It can be seen that the accuracy of the target detection box is extremely important in the chromosome instance segmentation tasks. Generally, when detecting clustered targets, the classification confidence of the target box is often high, but the actual detection result is poor, which leads to a decrease in the AP score with high IoU threshold. To address this issue, Jiang et al. constructed IoU Net, which predicts the IoU of the regression box and the ground truth box to replace original classification confidence, which eliminated the screening error caused by the misleading classification confidence, thus improved the target detection performance (Jiang et al., 2018). Wu et al. constructed the IoU-aware single-stage object detector. It also predicts the IoU of the regression box and the ground truth box and then uses it as a multiplicative operator to correct the classification confidence (Wu et al., 2020). The corrected confidence is better correlated with the positioning accuracy, which effectively improves the positioning accuracy. Chen et al. constructed the supervised edge attention network (SEA Net) (Chen et al., 2020). The IoU of the regression box and the ground truth box are achieved and multiplied with the classification confidence to improve the detection accuracy of the clustered target. Moreover, they designed an extra head branch to help predict the edge of mask to improve the segmentation effect when the IoU threshold is high. For instance, segmentation tasks where the classification confidence is high while the actual segmentation result is not that satisfactory, Huang et al. multiplies the IoU of the predicted mask and the ground truth mask with the classification confidence to construct the Mask Scoring RCNN (MS RCNN) (Huang, et al., 2019). It considers the classification score and the quality score of the predicted mask, and the segmentation result is further improved compared with Mask RCNN. The methods mentioned before adopted either the IoU of the predicted box or the IoU of the predicted mask, and the ground truth box to modify the classification confidence. However, it does not consider whether the prediction process is interpretable. If an interpretable method is adopted, the performance will be better.

Contribution

This study proposes a chromosome instance segmentation network based on regression correction to achieve precise segmentation in the Giemsa-banding chromosome images. The main contributions of this study are summarized as follows.
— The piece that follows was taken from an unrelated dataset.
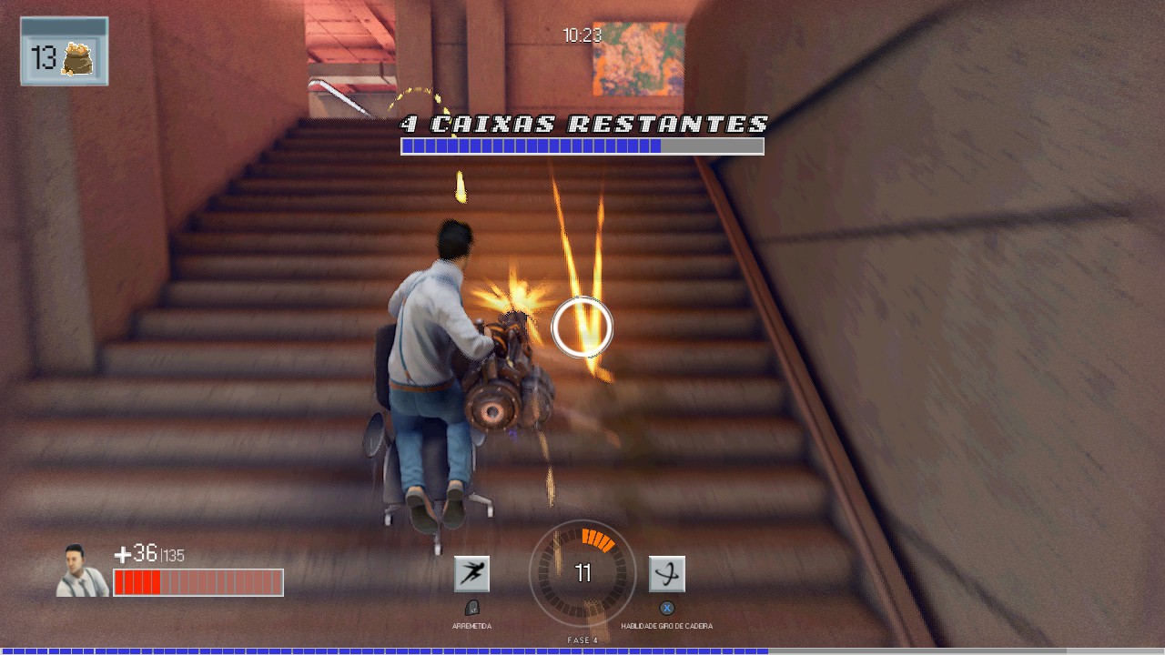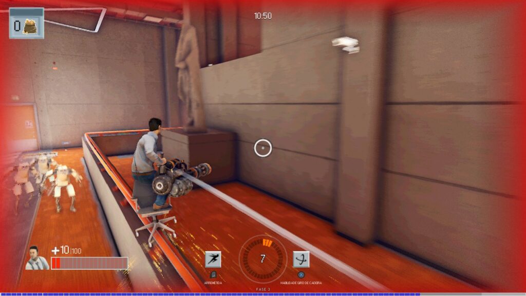 Sim, você leu certo. Cada tiro empurra sua cadeira para trás, para os lados ou para cima, dependendo da arma. Isso transforma até o movimento mais simples em uma dança caótica entre precisão e descontrole. Dominar essa física é essencial, e quando você finalmente pega o jeito, o jogo se torna incrivelmente satisfatório.

1) Considering high classification confidence but poor detection and segmentation performance in reality, more relevant confidence of P_Box and IoU_Mask with positioning accuracy and segmentation accuracy are achieved without extra head branches to achieve better correction of the classification confidence. P_Box is the predicted probability based on the regression box, and IoU_Mask is the predicted IoU based on the mask.

2) Considering that the traditional non-maximum suppression algorithms based on the overlap screening of prediction boxes, which may result in missing or wrong target boxes, a non-maximum suppression algorithm based on instance mask screening is proposed to improve the segmentation of instances.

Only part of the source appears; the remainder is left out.